** WHAT THE TASK REQUIRES **
Repeat everything in the listing exactly, except for the images.

** INFORMATION SUPPLIED **
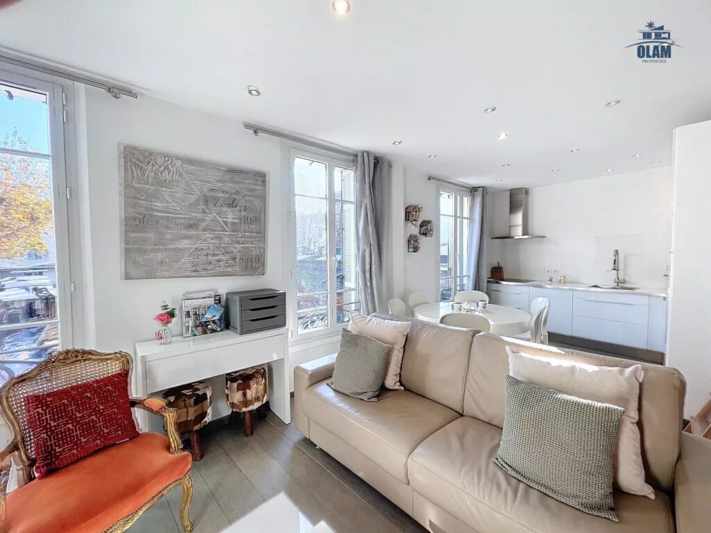 Beau 3 pièces d’environ 60m2 entièrement refait dans un style contemporain, moderne, sobre et raffiné. Il offre des prestations haut de gamme.
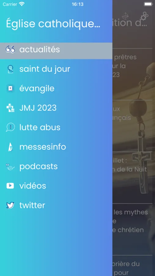 Cette application a vocation à apporter une information de référence sur la vie de l'Eglise en France et de témoigner de sa vitalité.
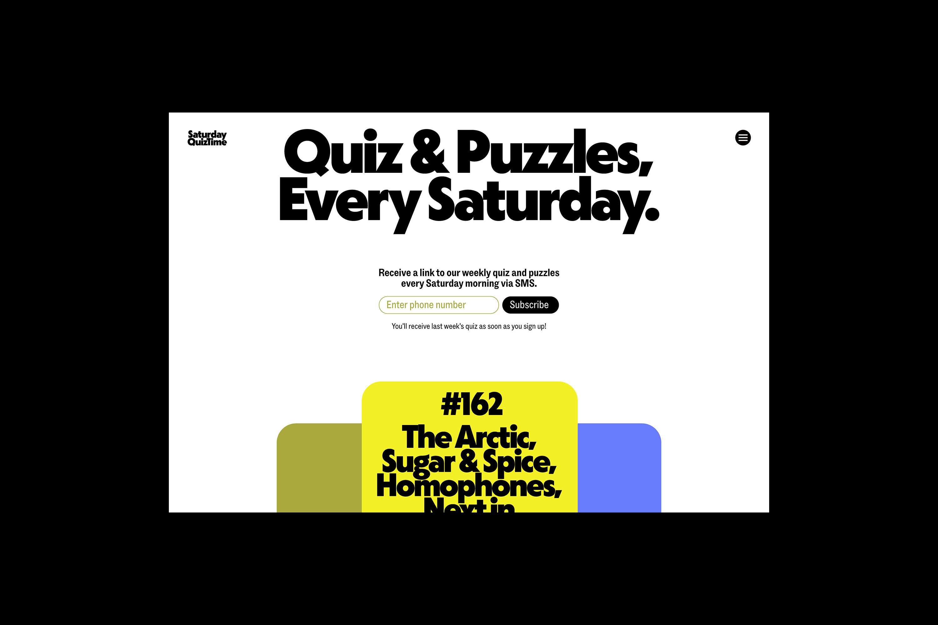 A bright, punchy and screen-friendly identity by Susu Studio for the best quiz and puzzle subscription in the game, Saturday Quiz Time.

** RESPONSE BOX **
 Beau 3 pièces d’environ 60m2 entièrement refait dans un style contemporain, moderne, sobre et raffiné. Il offre des prestations haut de gamme.
 Cette application a vocation à apporter une information de référence sur la vie de l'Eglise en France et de témoigner de sa vitalité.
 A bright, punchy and screen-friendly identity by Susu Studio for the best quiz and puzzle subscription in the game, Saturday Quiz Time.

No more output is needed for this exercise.